King said that they were gathered because they shared a common concern for the moral health of the country.

“Like the prophets of old, we have read the handwriting on the wall. We have seen our nation weighed in the balance of history and found wanting. We have come because we see this as a dark hour in the affairs of men,” King said.

Shattered dreams

He said that as the marchers of Mississippi, Selma and Washington who staked their lives on the American dream during the first half of the decade, could not stand by idly and watch the country be contaminated by the 18th century policies of Goldwaterism. And that they were dreamers of a dream that the dark past of inhumanity would be transformed into a brighter day of justice in the near future. As idealist, he said it was hard to let the dream go, but at the same time, it was hard to escape the delusion and betrayal.
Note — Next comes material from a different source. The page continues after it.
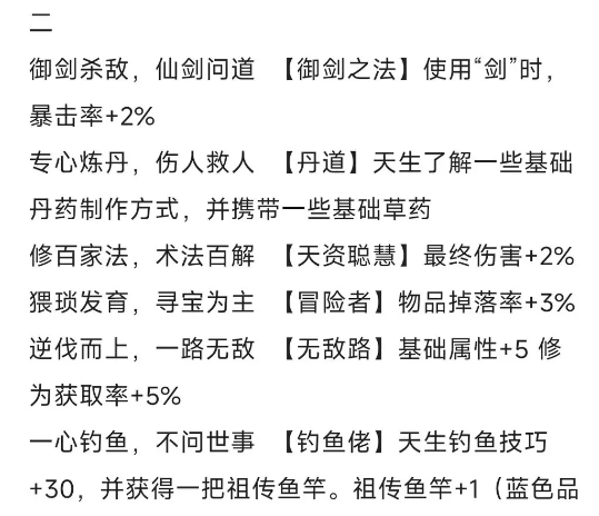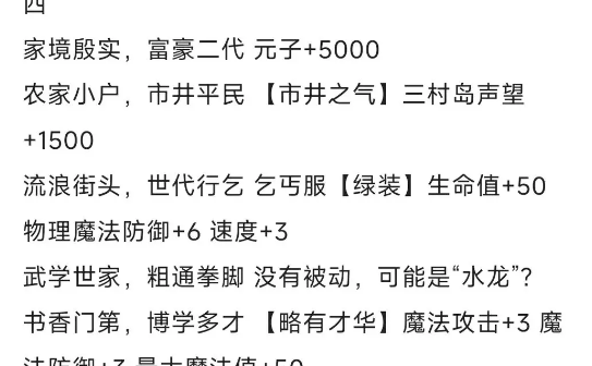 4.家境殷实,富豪二代 元子+5000(为什么这里选择元子,因为前期用元子的地方很多,比如筑基丹,做任务也需要;武学世家是自带野球拳,其实没必要练,前期所有门派都一样,不如王八拳过渡平滑,选择乞丐是睡梦罗汉拳,ps:一坨)
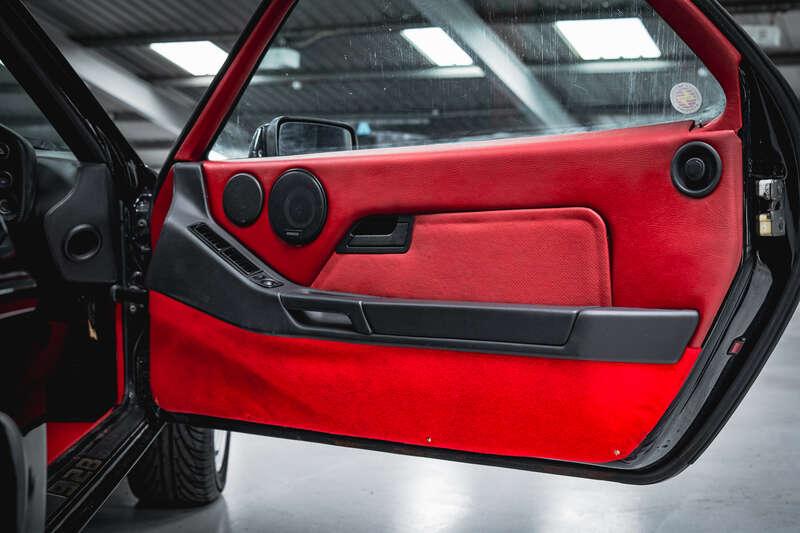 - It's finished in Schwarz with a Can-Can Red leather interior featuring black piping, matching red carpets and door cards, with a contrasting black dashboard and centre console

The hopes of the country had been blasted and its dreams have been shattered.

“The promise of a Great Society was shipwrecked off the coast of Asia, on the dreadful peninsula of Vietnam. The poor, Black and White, are still perishing on a lonely island of poverty in the midst of a vast ocean of material prosperity,” King said. “What happens to a dream deferred? It leads to bewildering frustration and corroding bitterness. I came to see this in a personal experience here in Chicago last summer. In all the speaking I have done in the United States before varied audiences, including some hostile Whites, the only time I have ever been booed was one night in our regular weekly mass meetings by some angry young men of our movement.”

The boos affected him negatively. At first he couldn’t understand why they would boo someone who worked so hard and made so many sacrifices of the past 12 years, he confessed. Later, it occurred to him that the boos may have come from a group of Black people overwhelmed with frustration and hostility that stemmed from unfulfilled promises of progress and freedom.

He then thought about all of the sermons and lectures he had made about his dream, the not-so-distant future of justice and equality, urging them to have faith in America and White society. He acknowledged that, with each promise their dreams soared with hope, but then crashed into an infuriating nightmare as their communities continued to be swept with oppression and poverty.

There was a rising global demand for freedom and equality, King said as he criticized the disparity in government priorities, with significant funds allocated for military purposes while meager resources are directed toward addressing poverty and international development.

Bipartisan injustice

He said that Congress would rather spend money on war than foreign aid. They would rather create a very partisan anti-right bill rather than help resolve poverty. Even a small budget for rat control was met with inaction.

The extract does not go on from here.